Renewables also soared last year in India with hybrid applications of wind and solar that are cheaper than coal. The MENA region‘s renewable capacity is also growing rapidly.
Renewables are unstoppable
Even governments that give preferential treatment to fossil fuels cannot seem to stop the rise of renewables. Market forces are driving the growth of clean energy and political regimes have been unable to stop it. Renewables are thriving in Australia despite a national government that has doubled down on its failed efforts to ramp up coal exports. In 2020, the Australian state of Tasmania got all of its power from renewables (wind and hydroelectricity projects). In a sign of the times, Newcastle, Australia’s coal capitol has embarked on an ambitious plan to transition to renewables.

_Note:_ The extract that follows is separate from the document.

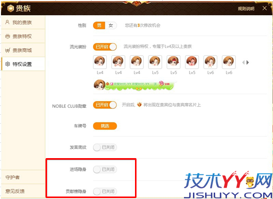 YY国王/公爵贵族如何设置进场隐身/贡献排行隐身

Renewables grew steadily in the U.S. despite four years of American political leadership that was overtly hostile to clean energy. Last year the U.S. set a record for installed renewable energy capacity. According to the EIA Short-Term Energy Outlook the U.S. was expected to produce 37 gigawatts of new wind and solar capacity last year. This is 20 percent of U.S. electricity output which makes it equivalent to coal and nuclear. At the end of 2020 the U.S. Congress passed a omnibus that included clean energy incentives that will help boost renewable capacity in 2021.
The inauguration of U.S. President Joe Biden and his $2 trillion Building Back Better stimulus recovery plan will be a boon for renewable energy. The Biden administration has pledged to eliminate greenhouse gas emissions from America’s power grid by 2035 and completely decarbonize the U.S. economy by 2050. This plan will include $400 billion for clean energy research and development. A December report from Deloitte states that even in the absence of direct incentives for green infrastructure, clean energy demand proved to be “resilient” in 2020. According to Deloitte’s Renewable Energy Industry Outlook the election of Joe Biden and ongoing energy storage price declines will contribute to an even bigger bump for renewables in 2021. The EIA predicts that the U.S. will see a total of 39.7 GW of new electricity generating capacity in 2021, with solar photovoltaics (PV) accounting for 39 percent and wind power accounting for 31 percent.

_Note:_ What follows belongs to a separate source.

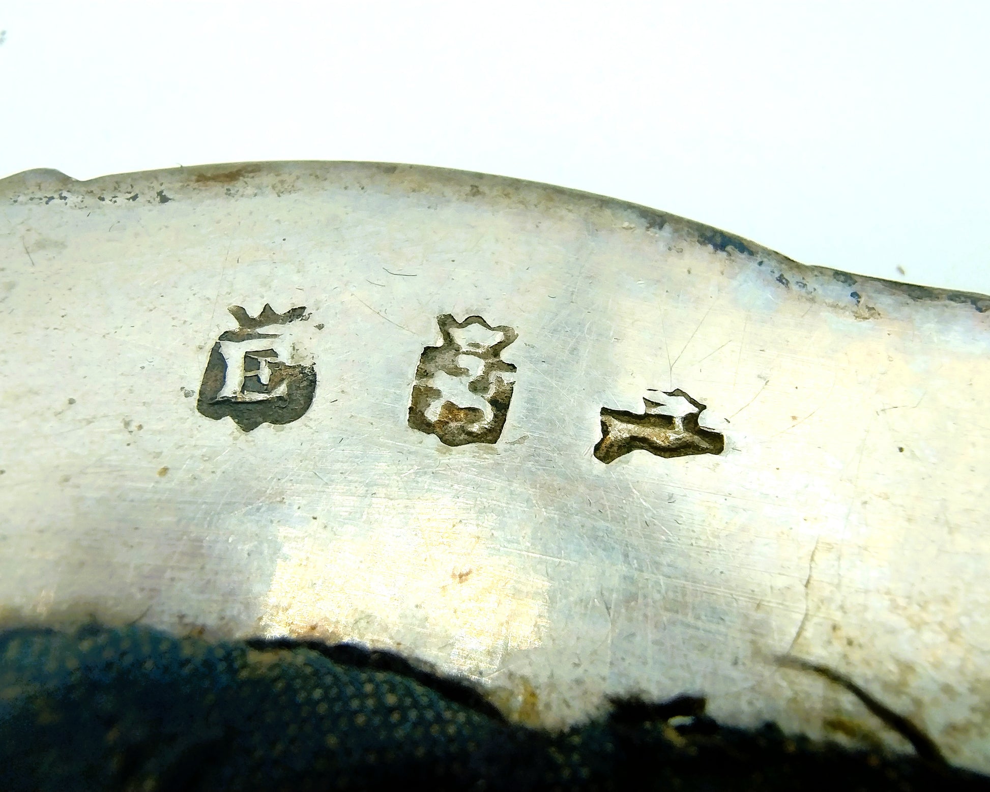 The clasp and purse hook bear various pseudo-hallmarks to suggest they were 18th-century purse clasps. They are also marked with AB34 as the master mark and the date letter h for 1892.

Renewables are the future of energy
Even the fossil fuel industry is beginning to accept the realization that our world will be powered by renewables. As explained by Mark Jones, a political science fellow at Rice University in Houston, “there’s a clear understanding that in fact renewables are the future.”
Last year fossil fuel capacity declined while renewable energy output increased. COVID-19 has demonstrated that renewables are out competing fossil fuels. The pandemic hurt the energy sector as a whole, but it has had a far more negative impact on fossil fuels. This disproportionate impact is also evident in job losses.

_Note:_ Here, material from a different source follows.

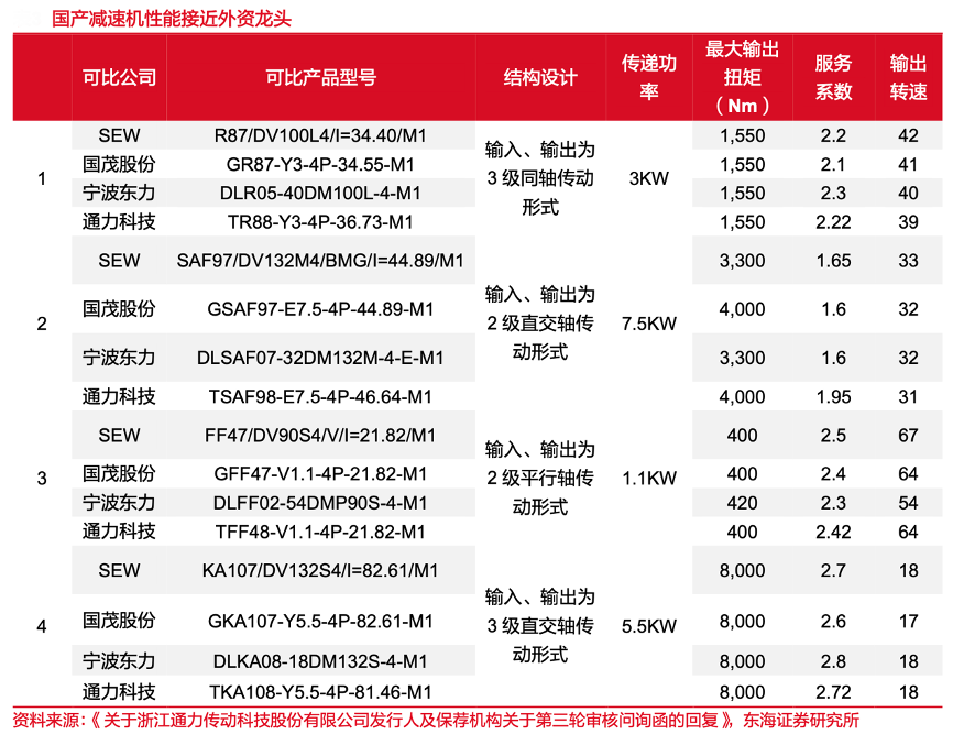 經(jīng)典案例:根據(jù)《關(guān)于浙江通力傳動科技股份有限公司發(fā)行人及保薦機構(gòu)關(guān)于第三輪審核問詢函的回復(fù)》、東海證券研究所等綜合資訊表明,2012年以來,國內(nèi)減速機技術(shù)快速發(fā)展,在產(chǎn)品性能上逐漸接近外資品牌,靜態(tài)參數(shù)如齒 輪比、扭矩、功率等基本達到相同水平。通過補足技術(shù)短板,內(nèi)資品牌產(chǎn)品硬實力逐漸提升,與渠道等軟實力形成共振,品牌認(rèn)可度逐年升高,不斷擠壓進口產(chǎn)品市場份額。

There is little doubt that renewables are destined to bury fossil fuels and the transition away from dirty energy is already underway. For the first time Europe got more electricity from renewables than fossil fuels in 2020. According to the Ember report, last year European renewables delivered 38 percent of electricity, compared to 37 percent from fossil fuels. Coal usage for electricity declined by 20 percent last year to contribute only 13 percent of electricity production in Europe. This trend is also playing out globally. By 2025 renewables are expected to surpass coal as the largest energy source in the world.
Despite obstacles, research confirms that 100 percent renewable energy is possible. The changing political and economic energy landscapes will expedite this transition. Renewables and storage technologies are both mature and cost competitive, so we can expect that in 2021 and beyond we will continue to see tremendous growth.